H2 Side Struggle of Papad-makers in Bikaner
   
 

Papad-making is a popular home-based work adopted by a number of poor women in Bikaner, Rajasthan. Papad-makers of SEWA in Bikaner have been struggling for years to get their demands met. Their demands are:

   
 
  • Minimum Wages for all,
  • Identity Card,
  • Bonus,
  • Dearness Allowance, and,
  • A Tripartite Board of Labour Officers, Traders' Association and Papad-makers.
   
 

Earlier, they have met with the Chief Minister and with the Labour Inspector. There had been some progress, but it has been standstill since then.

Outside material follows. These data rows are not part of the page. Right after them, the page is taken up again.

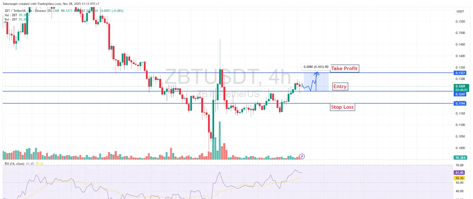 ZBT/USDT hiện đang bắt đầu bật lên từ hỗ trợ 0.1247 và cho thấy sự đảo chiều tăng giá khá mạnh, được đánh dấu bằng RSI liên tục tăng lên vùng 60, dấu hiệu sức mạnh mua bắt đầu chiếm ưu thế.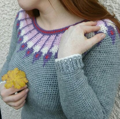 Use a cosy wool-blend DK to stitch this stylish colourwork jumper. The rather impressive tapestry crochet design was inspired by peacock feathers.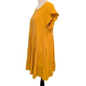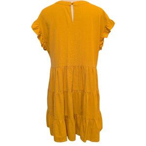 Adyson Parker Womens Size L Yellow Gold Linen Rayon Tiered Ruffled S/S Dress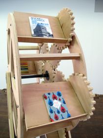 A selection of artists, curators and writers have been invited to reflect on the type of reading activity allowed by this atypical device. Each of them has selected six titles to be displayed on the wheel shelves, for a week.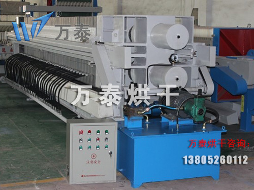 板框式壓濾脫水機是通過板框的擠壓,使污泥內(nèi)的水通過濾布排出,達到脫水的目的。它主要由凹人式濾板、框架、自動-氣動閉合系統(tǒng)側(cè)板懸掛系統(tǒng)、濾板震動系統(tǒng)、空氣壓縮裝置、濾布高壓沖洗裝置及機身一側(cè)光電保護裝置等構成。設備選型時,應考慮以下幾個方面: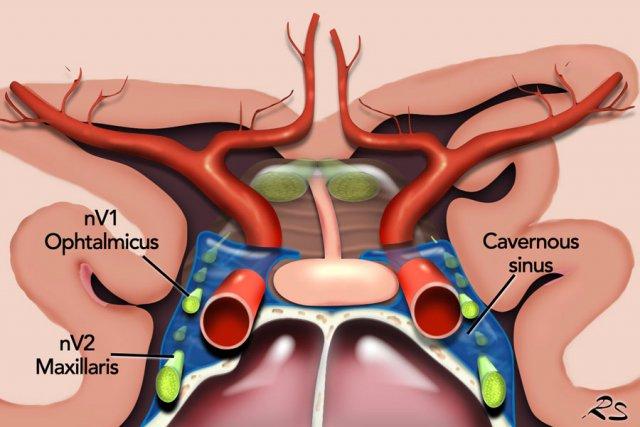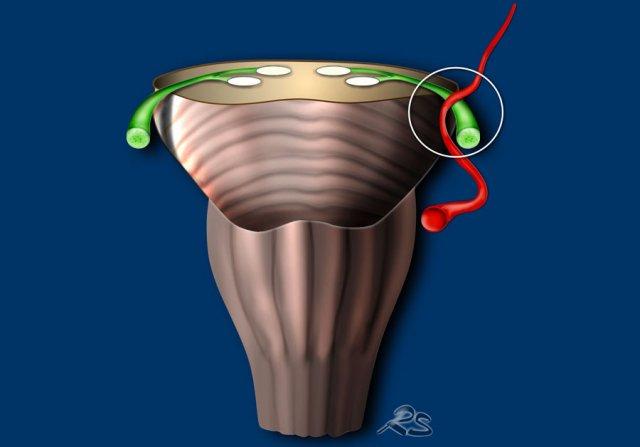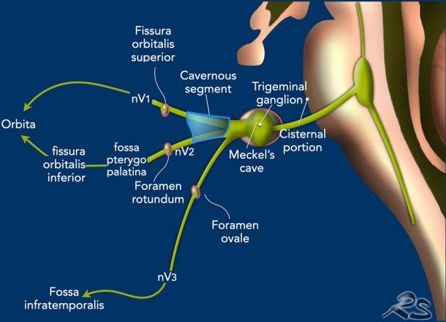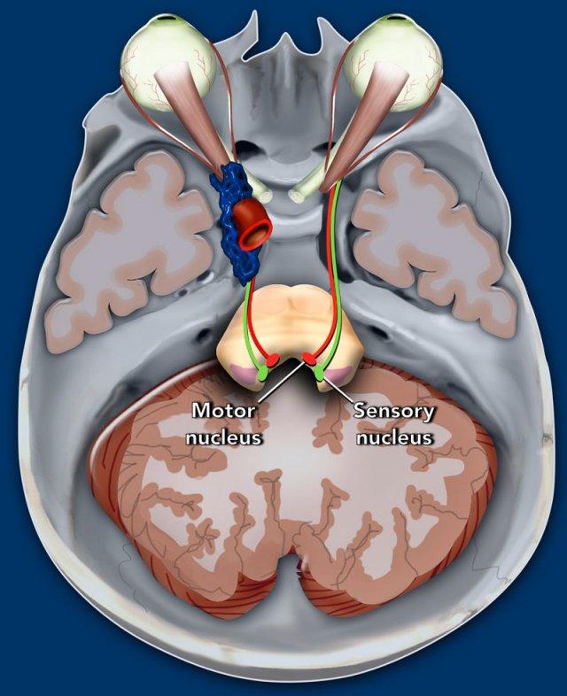 Đoạn bể dịch não tủy – hầu như không có ngoại lệ – là nguồn gốc của chứng đau dây thần kinh sinh ba thực sự do chèn ép mạch máu-thần kinh.

In the month of April, papad-maker members of SEWA alongwith SEWA National Council met with the Traders' Association of Bikaner. In the meeting women faced resistance from the Traders' Association to form a Tripartite Board. But, what the members of SEWA have managed is to ensure that all the traders pay a minimum wage to the middlemen who further provide them with contracts. Therefore, SEWA has formed a two-pronged strategy, where on the one hand they are going to advocate for a Tripartite Board through the Labour Inspector, and on the other hand, it plans to conduct surveys in communities to find the middlemen and the wages paid to papad-makers. Post the survey they plan to work with the middlemen directly to ensure minimum wages for all its members.